In 2011, the G20 launched a plan to promote international coordination and transparency regarding food production. The platform for this effort is it Agricultural Market Information Systemor AMIS, which assesses the global food supply with the aim of preventing or preparing for market shocks and uncertainty. AMIS relies on agricultural experts who provide regional market and policy information. It also relies, crucially, on geoscience data. These data are provided by GEOGLAM (Group on Earth Observations Global Agricultural Monitoring Initiative), the other half of the G20 initiative. GEOGLAM is operated by the University of Maryland and monitors crop health through satellite observations.
By working together to build a food production information system based on high-quality earth science and local expertise, farmers and everyone else in the food supply chain will have access to information that can help them avoid acute food insecurity before it hits.

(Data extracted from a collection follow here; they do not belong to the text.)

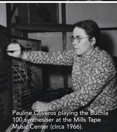
Pauline Oliveros playing the Buchla 100 synthesiser at the Mills Tape Music Center (circa 1966).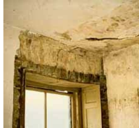
Damp interior plaster around windows generally indicates moisture has entered from the outside.

Above grade exterior moisture generally results from weather related moisture entering through deteriorating materials as a result of deferred maintenance, structural settlement cracks, or damage from high winds or storms. Such sources as faulty roofs, cracks in walls, and open joints around window and door openings can be corrected through either repair or limited replacement. Due to their age, historic buildings are notoriously "drafty," allowing rain, wind, and damp air to enter through missing mortar joints; around cracks in windows, doors, and wood siding; and into uninsulated attics. In some cases, excessively absorbent materials, such as soft sandstone, become saturated from rain or gutter overflows, and can allow moisture to dampen interior surfaces. Vines or other vegetative materials allowed to grow directly on building materials without trellis or other framework can cause damage from roots eroding mortar joints and foundations as well as dampness being held against surfaces. In most cases, keeping vegetation off buildings, repairing damaged materials, replacing flashings, rehangng gutters, repairing downspouts, repointing mortar, caulking perimeter joints around windows and doors, and repainting surfaces can alleviate most sources of unwanted exterior moisture from entering a building above grade.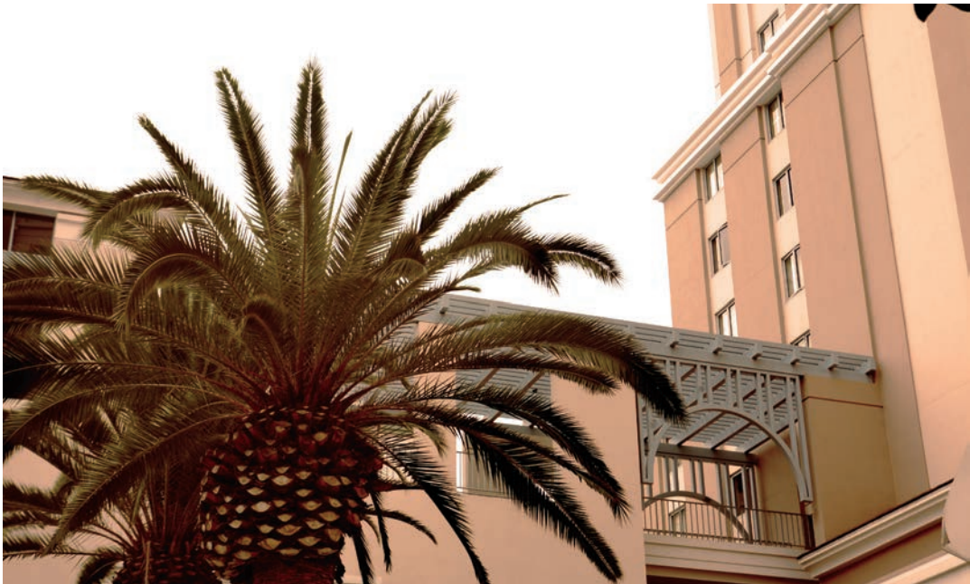
The Westin Pasadena

Comfort Inn 2462 E. Colorado Blvd. 626-405-0811 choicehotels.com Green Tree Pasadena Inn 400 S. Arroyo Pkwy. 626-795-8401 greentreepasadenainn.com Hotel Le Reve Pasadena 3321 E. Colorado Blvd. 626-796-9291 hotellerevepasadena.com

For example, Brazil’s national agricultural agency, Conab, became one GEOGLAM partner in 2018 and is now including these earth observations in the national harvest assessments provided to farmers. In Zambia and Zimbabwe, GEOGLAM is working with the national agriculture ministries to create high resolution cropland masks by combining Sentinel-2 observations with information from the local population. By working together to build a food production information system based on high-quality earth science and local expertise, farmers and everyone else in the food supply chain will have access to information that can help them avoid acute food insecurity before it hits.

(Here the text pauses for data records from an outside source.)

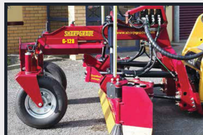
Retracting front chassis for reduced transport length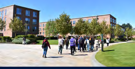
Teacher Day at Edge Hill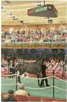
Hip 84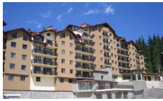
Rodopi Pearl, Pamprovo

Field level information products containing remote sensing data are being developed by Kenya Pula. The company provides affordable insurance to small farmers in Africa and the Middle East. The insurance protects livelihoods when drought, flooding, locust swarms, or other events damage crops or prevent germination. Locals use smartphone apps to report information on crop production, which the company combines with geospatial observations. Pula then uses those apps to provide targeted agronomic advice, as well as warnings about weather, pests and diseases. Pula reports that the number of insured farmers in Kenya has grown from 1,000 to 10,000 in about 3 years. The company has paid about $ 766,000 for crop losses so far, and about 80% of households say they use some of those insurance funds to buy food.
Earth observations are of course only useful if they can provide meaningful information. Radiant Earth Foundation develops machine learning methods analyze and classify observations from the Sentinel-2 satellite. The organization is building an open library of spatially specific field data through collaborations, such as a dataset of 319 agricultural plots in Kenya that combines earth observations with measurements on the ground.

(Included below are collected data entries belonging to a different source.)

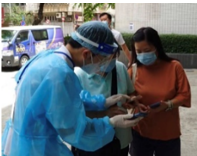
UM volunteers helped with registering residents waiting for a COVID-19 test

For more details, please visit: https://www.um.edu.mo/news-and-press-releases/press-release/detail/53800/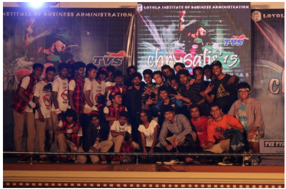
Our Prize winning team in Kalloori Saalai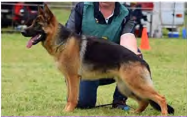
Puppy stobar ghanaa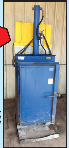
VESTIL HYDRAULIC DRUM CRUSHER AND COMPACTOR

Coordination and involvement between these efforts is critical to improve our understanding of the Earth system and to bring real benefits to smallholders and the vulnerable communities they serve. Scientists engaged in these and other efforts to link Earth systems science with food security outcomes should encourage further discussion between funding agencies, governments, universities and scientists and work to bring in additional partners who can help deliver timely and reliable information, insights and technology. The drive to provide more and better information about food security is literally a life or death proposition.